_WHAT IS REQUIRED_. Using the records below, copy exactly the part that opens with the line holding "Naast individuele lessen" and closes with the line holding "It is a painting", minus the pictures.

_MATERIAL SUPPLIED_.
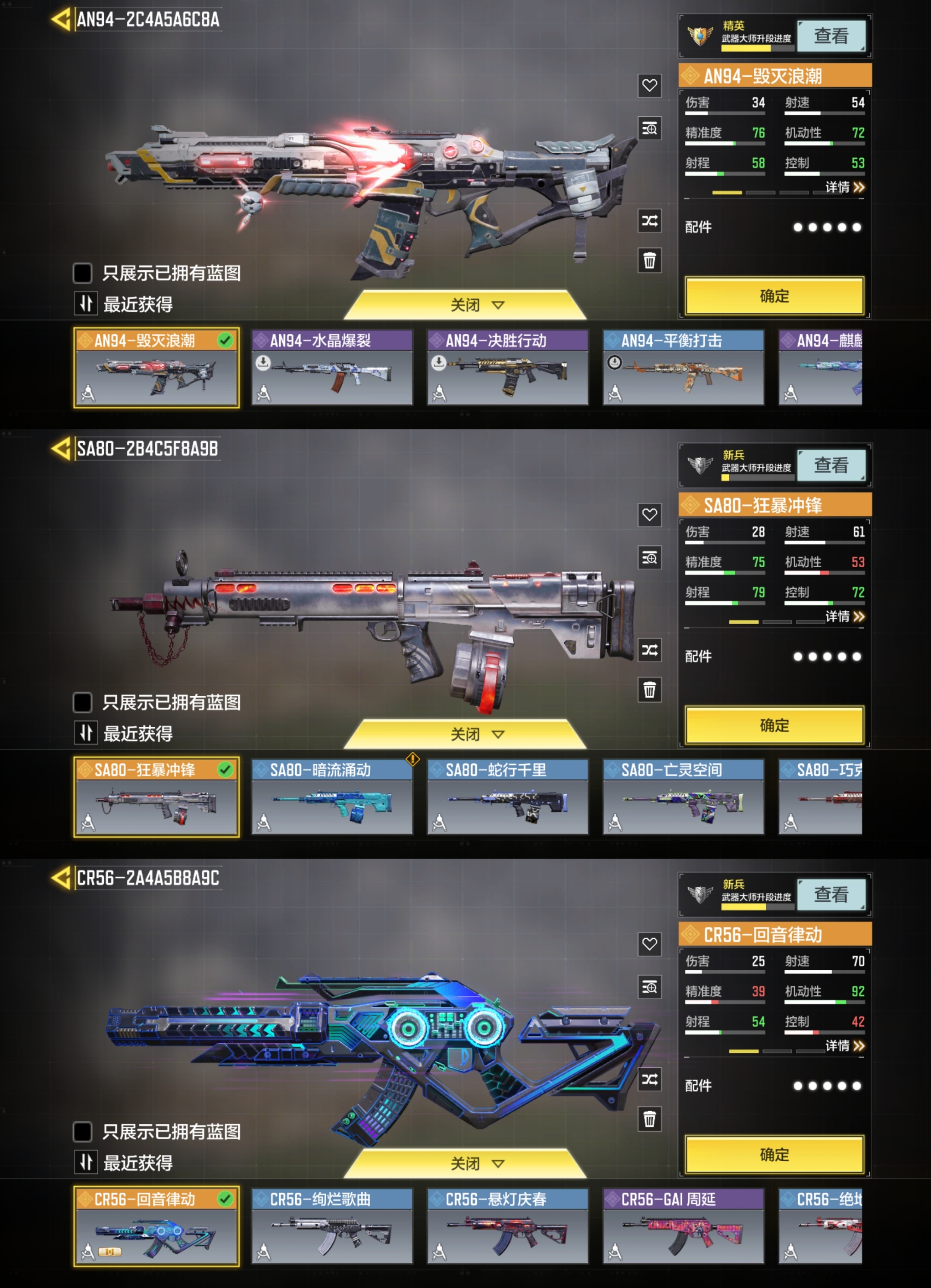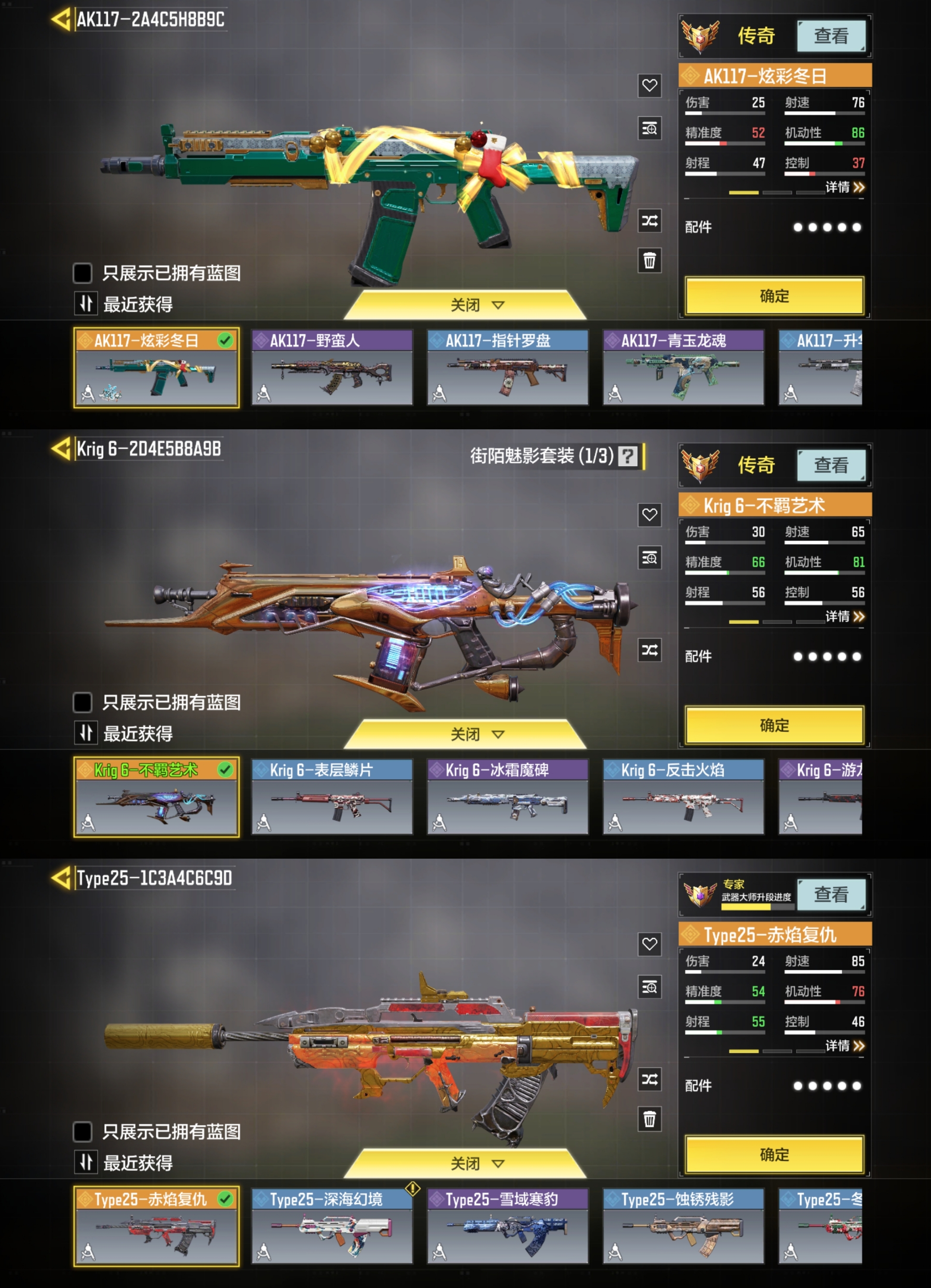 CR56-回音律动 电棍-永恒炽热 SABO-狂暴冲锋 Krig6-不羁艺术 AK117-炫彩冬日
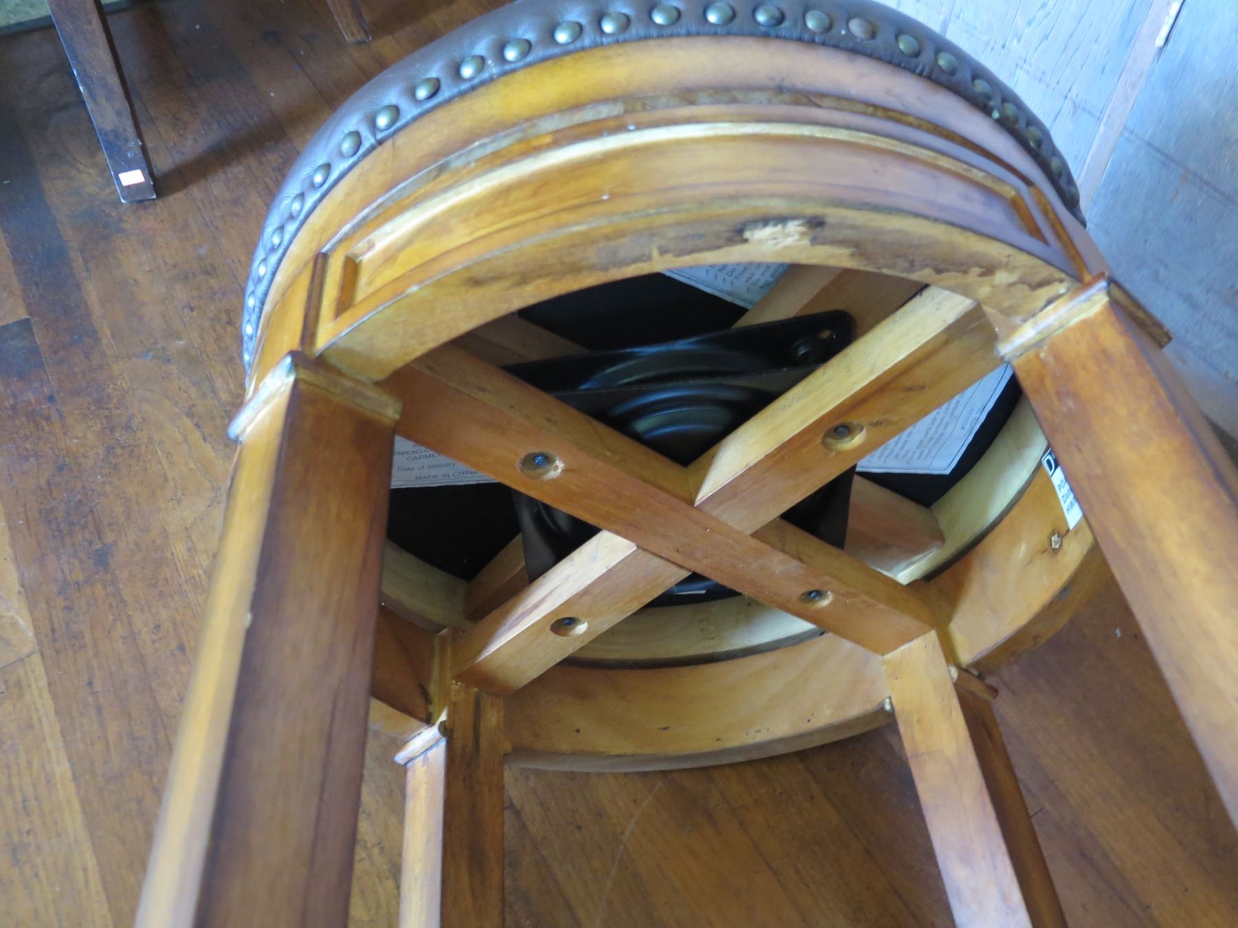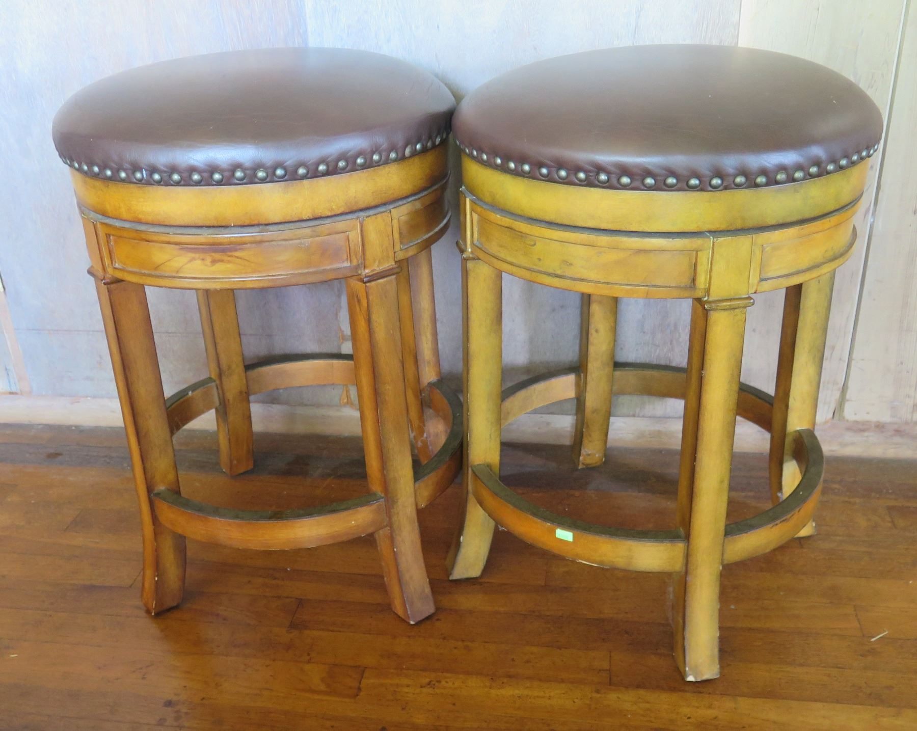 Qty 2 Wood Upholstered Bar Stools w/Curved Legs 24" Tall
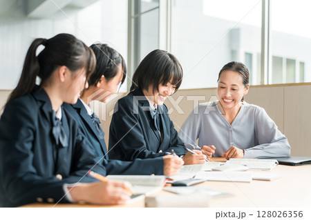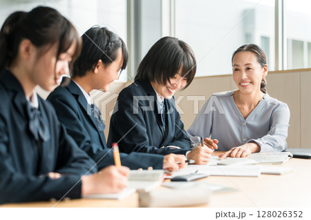 学校の授業・塾で先生・講師・教師から指導を受ける中学生・高校生・女子高生
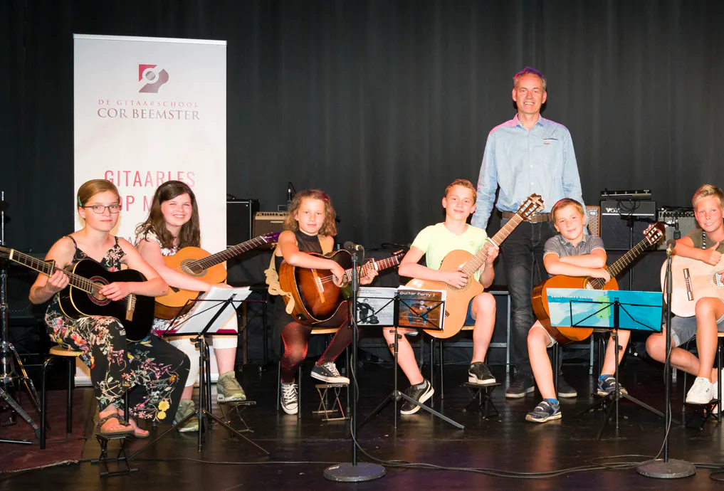 Naast individuele lessen bieden we ook groepslessen aan, waarbij samenspel een belangrijke rol heeft. Je leert samen te spelen en elkaar aan te vullen: terwijl de ene persoon de melodie speelt, zorgt de ander voor de akkoorden. Met toevoeging van zang, drums en bas wordt de muziek steeds rijker en krijgt het een voller geluid.
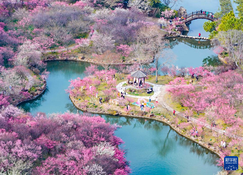 2月25日,游客在江蘇南京明孝陵梅花山上賞梅踏春(無人機照片)。(新華社發(fā) 楊素平 攝)
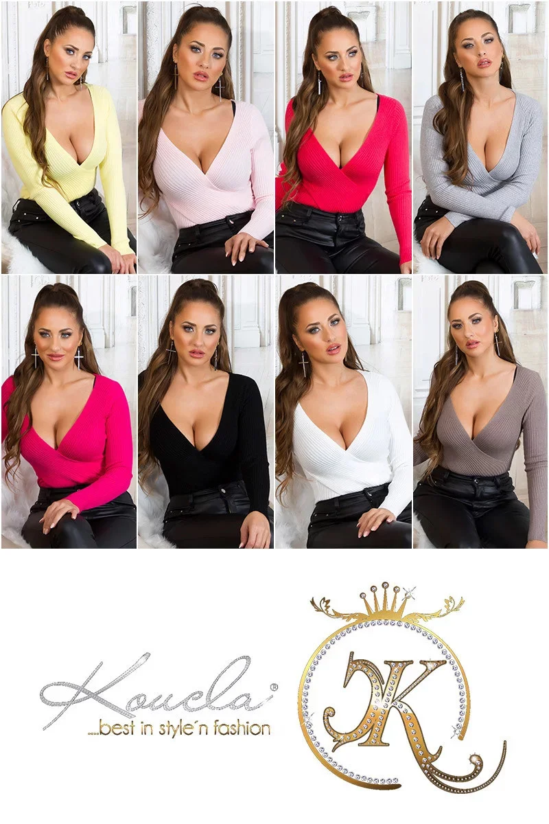 Dámský sexy svetřík se zavinovacími prvky IN-1537 Šedá - Koucla
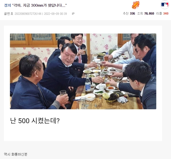 퇴근하면서 침수되는 걸 봤다는 말만 안했어도 ㅎㅎㅎ
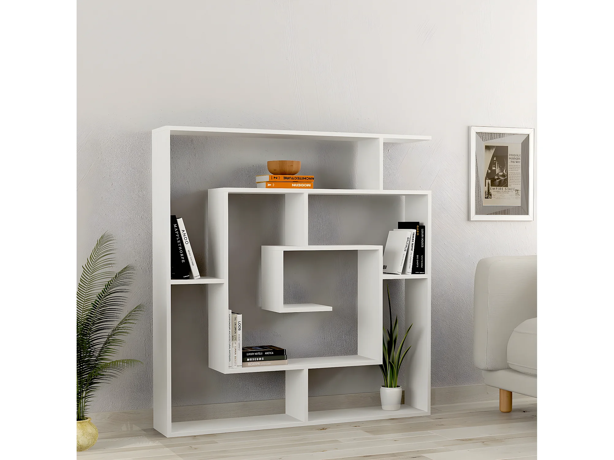 Etagère murale, bibliothèque en bois coloris blanc - L. 125 x P. 22 x H. 129 cm
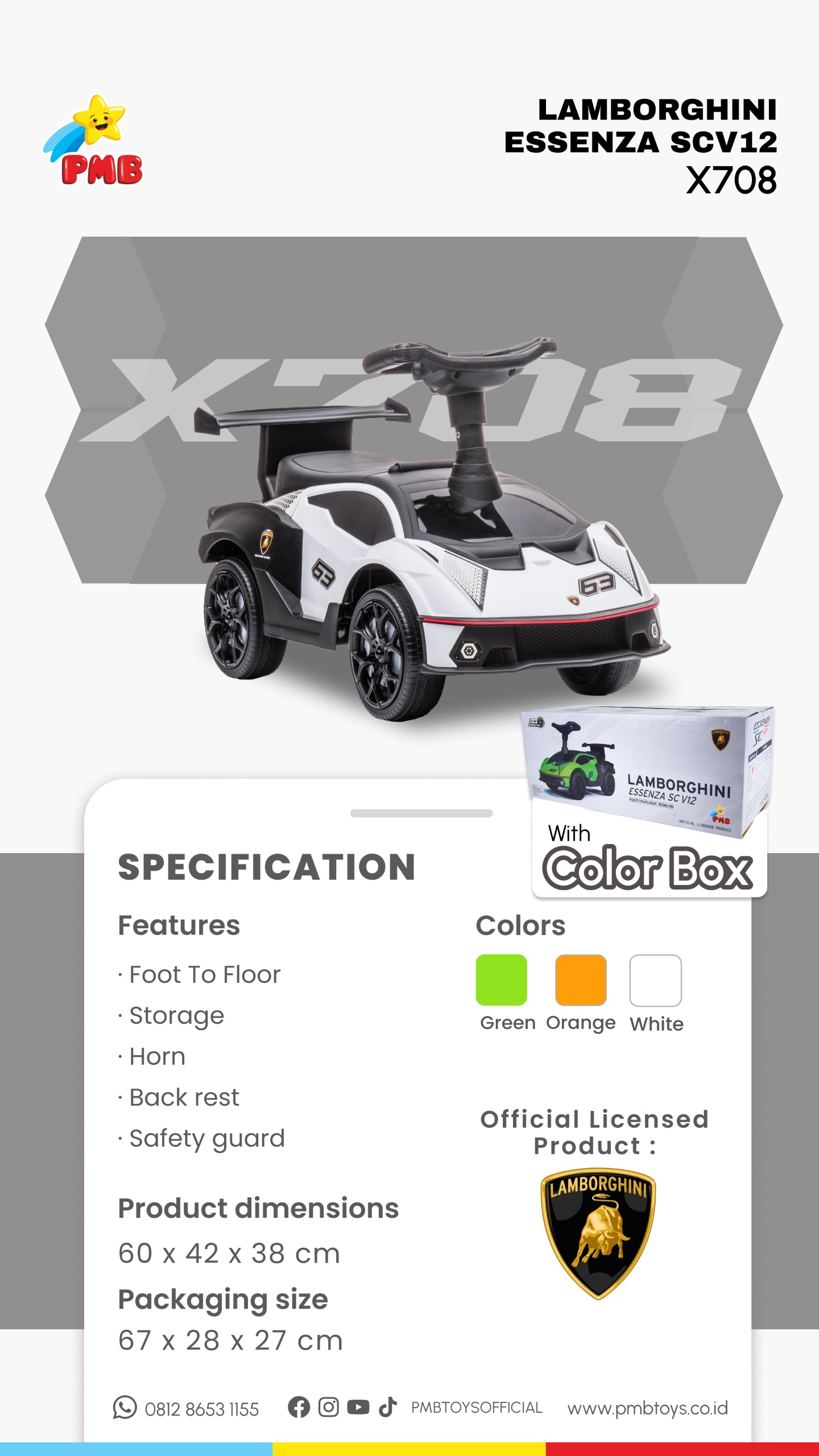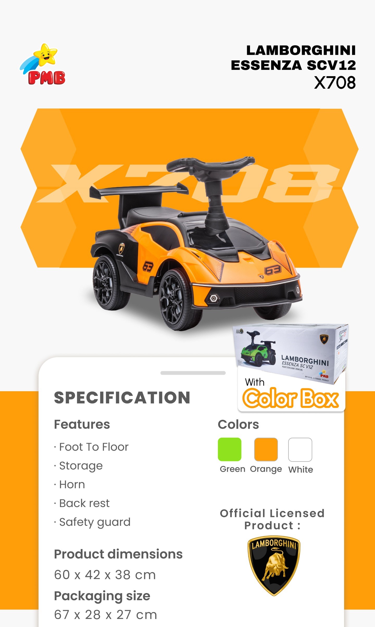MOBIL MAINAN ANAK X708 - LAMBORGHINI ESSENZA SC V12 FTF X 708 PMB TOYS
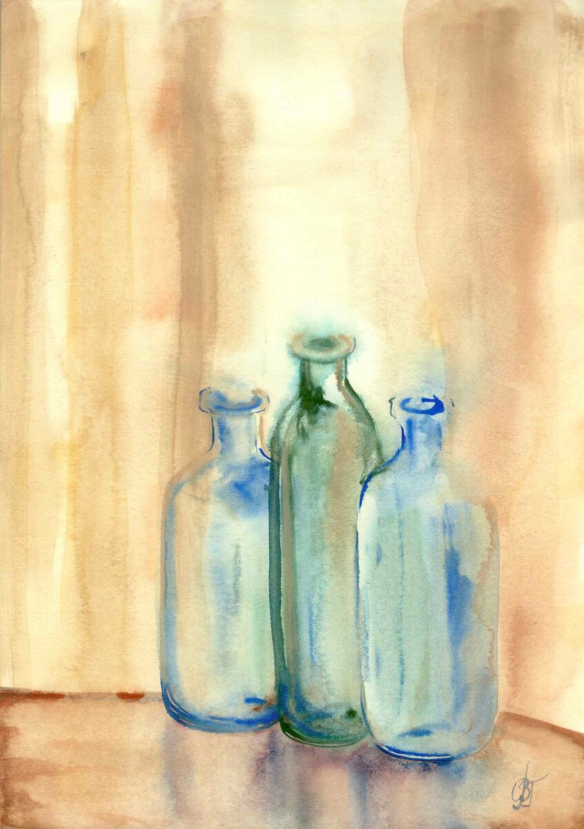 It is a painting of the three lovely bottles in my window. Still life. Impression. Semiabstract. Painted on Fabriano paper, 200g.
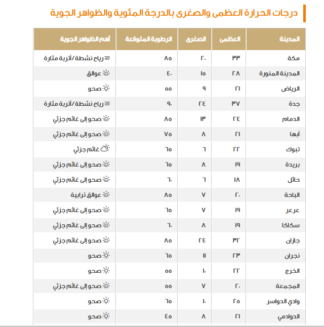 أما الضباب فقد ورد في بيان الأرصاد السعودية اليوم الذي يتكون على المنطقة الشرقية وجازان ومكة المكرمة، وأما درجات الحرارة فتأتي على النحو الآتي:
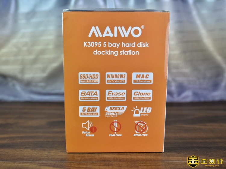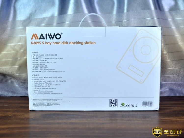 麦沃K3095A五盘位硬盘拷贝机的包装还挺大的,右侧是K3095A的实体图形,右上角是麦沃的品牌Logo,背面则是麦沃K3095A五盘位硬盘拷贝机的产品描述以及厂家的相关信息。侧面介绍了麦沃K3095A五盘位硬盘拷贝机相关的功能特点。
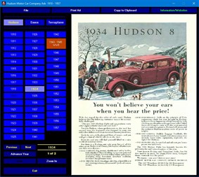 Hudson Motor Car Company Ads 1910 - 1957 is a nostalgic tour through the style and hype of the automobile advertising industry from the classic days of cars. Includes nearly 300 magazine ads as they appeared during the period from one of the last of the independent car makers in the US. Represented are Hudson, Essex and Terraplane.
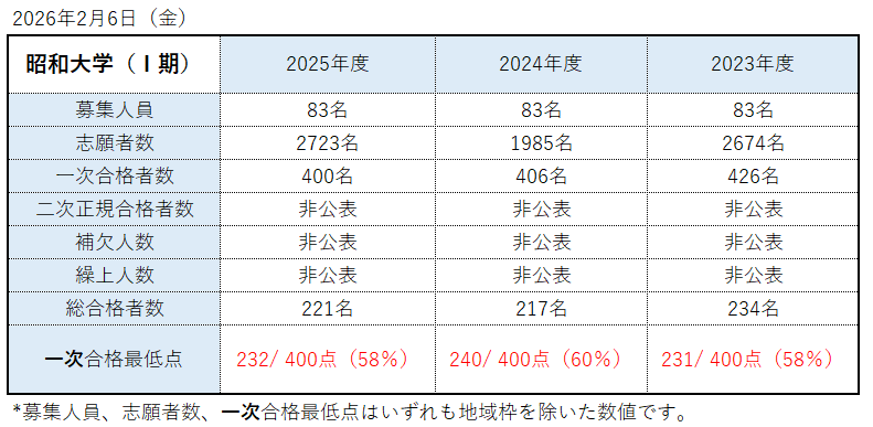 2026年2月6日(金) 昭和医科大学(Ⅰ期) ・公募推薦の新設等に伴い、一般の定員は減っています。 ・「7割獲れれば確実に通る」と小風医学部長は仰っています。 ・合格者の平均偏差値65.7(全統) #医学部 #過去3年分データ pic.x.com/xSts60DHzL

_YOUR RESPONSE_.
 Naast individuele lessen bieden we ook groepslessen aan, waarbij samenspel een belangrijke rol heeft. Je leert samen te spelen en elkaar aan te vullen: terwijl de ene persoon de melodie speelt, zorgt de ander voor de akkoorden. Met toevoeging van zang, drums en bas wordt de muziek steeds rijker en krijgt het een voller geluid.
 2月25日,游客在江蘇南京明孝陵梅花山上賞梅踏春(無人機照片)。(新華社發(fā) 楊素平 攝)
 Dámský sexy svetřík se zavinovacími prvky IN-1537 Šedá - Koucla
 퇴근하면서 침수되는 걸 봤다는 말만 안했어도 ㅎㅎㅎ
 Etagère murale, bibliothèque en bois coloris blanc - L. 125 x P. 22 x H. 129 cm
MOBIL MAINAN ANAK X708 - LAMBORGHINI ESSENZA SC V12 FTF X 708 PMB TOYS
 It is a painting of the three lovely bottles in my window. Still life. Impression. Semiabstract. Painted on Fabriano paper, 200g.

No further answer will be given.